Bill Clinton amnistiou Richard Nixon nos anos 90 -- mesmo tendo Nixon tido que se demitir da Presidência por estar implicado em crime tão grave como o da espionagem do partido rival.

Barack Obama não fez a vontade à sua base democrata e nunca enveredou pelo caminho da criminalização de George W. Bush e Dick Cheney, apesar das mentiras que levaram à guerra do Iraque.

O mesmo George W. Bush teve uma conduta irrepreensível na transição de poder para Obama e durante os oito anos de presidência de Barack. Obama chamou Clinton e os dois Bush para missões especiais, em representação do Presidente em funções.

A regra não escrita entre Presidentes dos EUA (sejam republicanos ou democratas) é a de preservar a dignidade dos seus antecessores.

Há um prestígio em torno da função e do cargo que leva a que acima de tudo esteja o nome da Casa Branca e dos EUA. O comportamento de Donald Trump na conferência de Imprensa conjunta com Vladimir Putin coloca-o como uma espécie de "pária" nesta tradição longa.
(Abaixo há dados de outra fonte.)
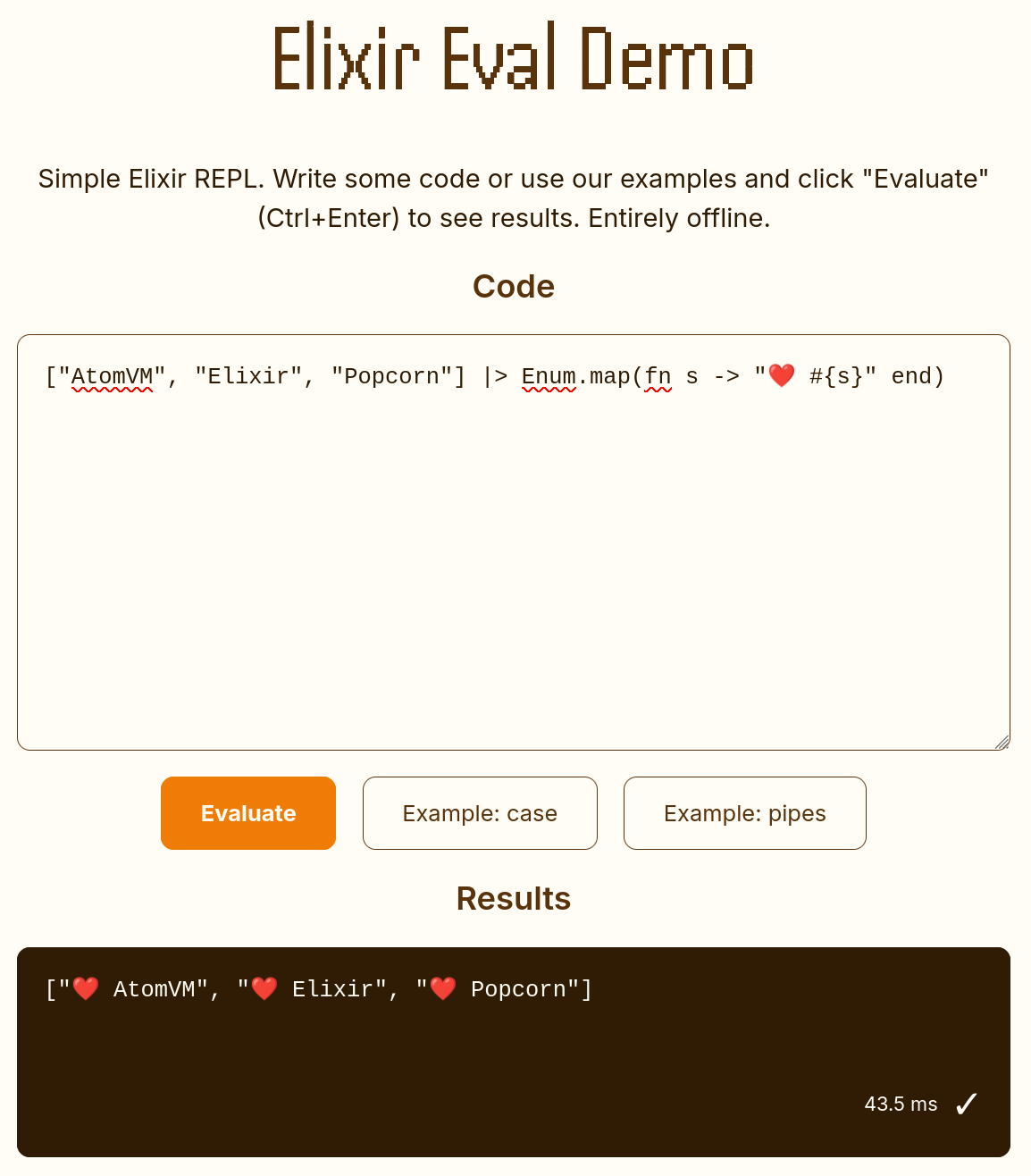 Popcorn lets you run client-side Elixir in the browser, with JavaScript interoperability. Under the hood, it runs AtomVM compiled to WebAssembly, and wraps it with the tooling and APIs needed to build real front-end experiences.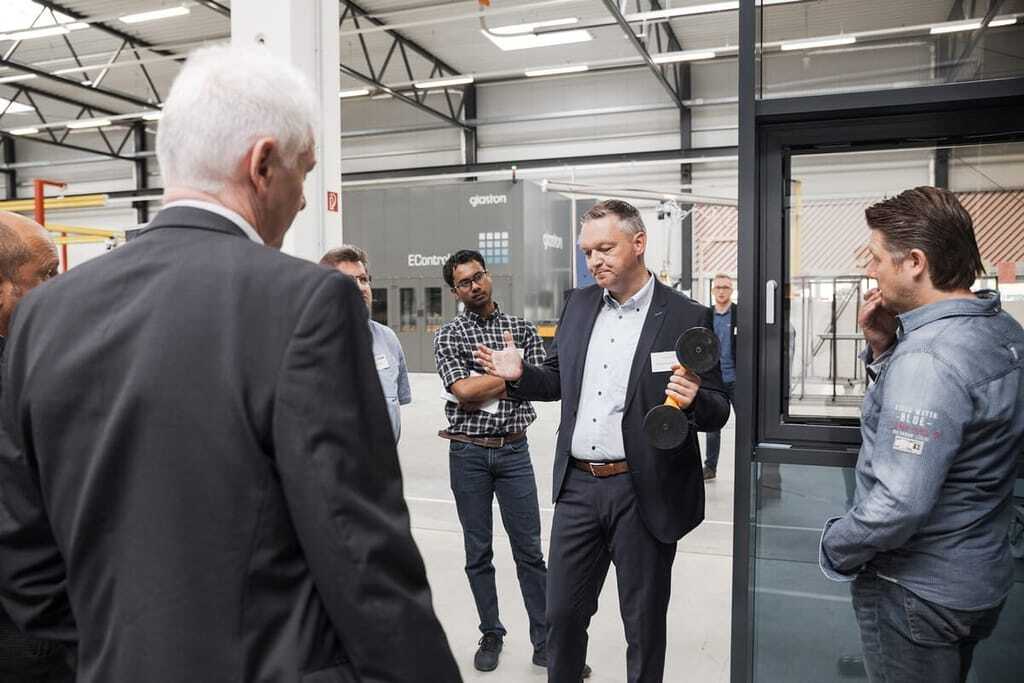 Bei einer Führung durch die Produktionshallen, erklärte Thomas Groneick (Mitte), aus dem EControl-Vertriebsteam, die Funktion und den Aufbau der smarten Scheiben. - © EControl-Glas

Ao arrasar os seus antecessores, culpabilizando anteriores administrações americanas e pondo-se do lado de Vladimir Putin, não respeitou a dimensão do cargo que ocupa. Em Helsínquia aconteceu uma espécie de "ponto de não retorno" na forma de lidar com a Presidência Trump.

Nada poderá ser como antes.

John McCain, senador republicano, candidato presidencial em 2008 e um dos maiores adversários de Trump no próprio partido, foi particularmente duro: "Vimos em Helsínquia uma das performances mais miseráveis alguma vez feitas por um Presidente americano".

Era difícil, depois de tantas indignidades já ocorridas neste ano e meio, mas foi mesmo o momento mais grave da Presidência Trump. Um episódio negro para a democracia de referência do mundo ocidental.

Uma espécie de "rendição" em direto do presidente americano perante o líder russo.